# That Darned Cheesecake!!



## thecooksaigium (Aug 15, 2016)

I don't know if here is a thread on a cheesecake or not.  But, here is a new one.  I am looking for any to all advice on that cheesecake recipe!

I;ve played around for a year or so on pairing different cheeses and lemon's and limoncello with honey on a cheesecake.  Allowing that balance of sweet and savory in that perfect lite airy bite.  I was wondering though if anyone knew about the ratio of ricotta to cream cheese cheese ratio. Yes im on that one quest for that ultimate traditional cheesecake.


----------



## jennifer w (Aug 30, 2012)

Hi there,

Cheesecake baking can be frustrating but once you have a great recipe and follow directions to the "t", it'll come out perfect!

I actually don't use ricotta, I find the taste and texture of farmer's cheese more appealing. Here's the recipe I use:

1) Cover the bottom and sides of a springform pan with heavy duty aluminum foil.

2) Crust:

15 whole graham crackers

3 T sugar

6 T melted butter

Pulse crust ingredients in a food processor to fine crumb consistency, press into the bottom of a springform pan and bake for 15 min on 350.

3) Cheesecake batter:

1 lb cream cheese blocks (NOT WHIPPED)

1/2 lb farmer's cheese

1 C sugar

4 eggs

2 T lemon juice

2 t vanilla extract

Beat ingredients in a mixer, then add in 2 C sour cream and mix to incorporate. Pour batter onto crust.

4) **this is the most important part: the water bath!

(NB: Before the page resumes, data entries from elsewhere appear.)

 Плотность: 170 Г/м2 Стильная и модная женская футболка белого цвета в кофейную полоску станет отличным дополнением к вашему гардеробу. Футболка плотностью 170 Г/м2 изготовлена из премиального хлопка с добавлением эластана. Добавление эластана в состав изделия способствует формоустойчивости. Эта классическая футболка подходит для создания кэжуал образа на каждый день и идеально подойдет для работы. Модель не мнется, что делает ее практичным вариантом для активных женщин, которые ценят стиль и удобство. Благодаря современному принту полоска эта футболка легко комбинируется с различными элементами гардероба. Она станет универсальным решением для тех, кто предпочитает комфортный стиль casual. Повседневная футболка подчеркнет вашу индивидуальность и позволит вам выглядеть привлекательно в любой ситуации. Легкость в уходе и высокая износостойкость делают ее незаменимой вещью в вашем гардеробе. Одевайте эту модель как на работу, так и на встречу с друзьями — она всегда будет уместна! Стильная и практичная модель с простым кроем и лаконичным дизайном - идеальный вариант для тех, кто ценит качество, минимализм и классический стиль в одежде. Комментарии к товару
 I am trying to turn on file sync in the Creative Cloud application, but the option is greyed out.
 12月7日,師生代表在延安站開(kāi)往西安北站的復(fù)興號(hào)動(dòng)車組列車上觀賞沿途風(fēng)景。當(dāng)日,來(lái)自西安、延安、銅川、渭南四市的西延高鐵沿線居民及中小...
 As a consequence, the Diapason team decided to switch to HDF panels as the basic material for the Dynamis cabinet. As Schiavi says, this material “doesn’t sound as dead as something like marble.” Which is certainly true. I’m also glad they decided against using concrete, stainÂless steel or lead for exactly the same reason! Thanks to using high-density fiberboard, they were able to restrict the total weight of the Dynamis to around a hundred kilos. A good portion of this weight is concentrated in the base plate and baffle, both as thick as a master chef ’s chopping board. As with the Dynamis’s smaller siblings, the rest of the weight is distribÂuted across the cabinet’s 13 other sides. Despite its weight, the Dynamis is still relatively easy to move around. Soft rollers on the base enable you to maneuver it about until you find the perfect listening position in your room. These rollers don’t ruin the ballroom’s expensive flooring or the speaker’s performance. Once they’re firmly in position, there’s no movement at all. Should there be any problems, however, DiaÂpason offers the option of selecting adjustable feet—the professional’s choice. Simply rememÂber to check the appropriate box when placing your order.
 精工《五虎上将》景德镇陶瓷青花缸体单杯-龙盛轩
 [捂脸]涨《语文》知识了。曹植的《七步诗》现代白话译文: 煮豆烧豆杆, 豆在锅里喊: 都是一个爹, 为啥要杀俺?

Put your springform into a large aluminum pan and pour water into the pan until it comes halfway up the foil covered springform.

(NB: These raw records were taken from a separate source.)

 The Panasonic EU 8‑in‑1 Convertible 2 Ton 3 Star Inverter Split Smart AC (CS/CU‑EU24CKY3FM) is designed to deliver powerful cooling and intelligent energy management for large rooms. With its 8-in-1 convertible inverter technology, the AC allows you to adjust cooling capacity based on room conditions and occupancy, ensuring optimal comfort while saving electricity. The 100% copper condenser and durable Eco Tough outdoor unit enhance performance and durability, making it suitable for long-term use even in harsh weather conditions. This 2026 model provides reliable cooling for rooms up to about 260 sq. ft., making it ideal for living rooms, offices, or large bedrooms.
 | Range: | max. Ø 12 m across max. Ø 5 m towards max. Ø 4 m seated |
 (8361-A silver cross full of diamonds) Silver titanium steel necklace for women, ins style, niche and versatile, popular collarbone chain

5) Bake the cheesecake for 45 min on 350

DO NOT open the oven the whole time it is baking - the water bath creates steam in the oven that will prevent the top of the cheesecake from cracking, and opening the oven will let the steam escape, which WILL create cracks.

Once the cheesecake is finished baking, turn off the oven and leave the cheesecake inside to cool for hours - for best results, still don't open the oven until it is completely cooled.

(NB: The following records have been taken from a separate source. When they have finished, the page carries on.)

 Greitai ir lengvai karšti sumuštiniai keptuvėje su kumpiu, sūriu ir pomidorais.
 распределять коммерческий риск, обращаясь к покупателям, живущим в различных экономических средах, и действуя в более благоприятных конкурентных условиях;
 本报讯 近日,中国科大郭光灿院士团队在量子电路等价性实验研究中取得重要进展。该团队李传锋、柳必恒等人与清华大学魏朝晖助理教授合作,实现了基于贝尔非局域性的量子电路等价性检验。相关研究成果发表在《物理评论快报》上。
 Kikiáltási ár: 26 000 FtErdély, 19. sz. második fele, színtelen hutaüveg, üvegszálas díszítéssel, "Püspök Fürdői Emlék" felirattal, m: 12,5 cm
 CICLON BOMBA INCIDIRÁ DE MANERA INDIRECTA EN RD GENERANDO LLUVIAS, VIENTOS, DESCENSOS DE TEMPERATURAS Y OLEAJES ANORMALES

I like to top my cheesecake with caramel sauce and shaved milk and white chocolate.

Get creative with the toppings and enjoy!


----------



## phatch (Mar 29, 2002)

Cheesecake is an egg set custard. Airy and custard do not really go together. The things done to achieve airiness detract from the cheese nature and heritage. Losing the flavor and texture of the fatty cheese. As well as it being custard.

It is about density. 

You can pursue airy, but then it's no longer cheesecake imho. It's sonething else altogether.


----------



## Iceman (Jan 4, 2011)

Bingo that.


----------



## thecooksaigium (Aug 15, 2016)

That's the thing though.. People are wanting "healthier" cheesecake options. So, I've been playing with the recipe. Usually, I just bake thing in a 4 inch hotel pan with a 6 inch water bath underneath. And I always dislike using spring form pans. I use ricotta because it blends well to make it lighter. And then over all not lose its nature. ((Gotta go with the flow on what people want ehh.))


----------



## phatch (Mar 29, 2002)

The make them something whipped with meringue and set in gelatin. But you serve me that and call it cheesecake, you'll lose me a customer.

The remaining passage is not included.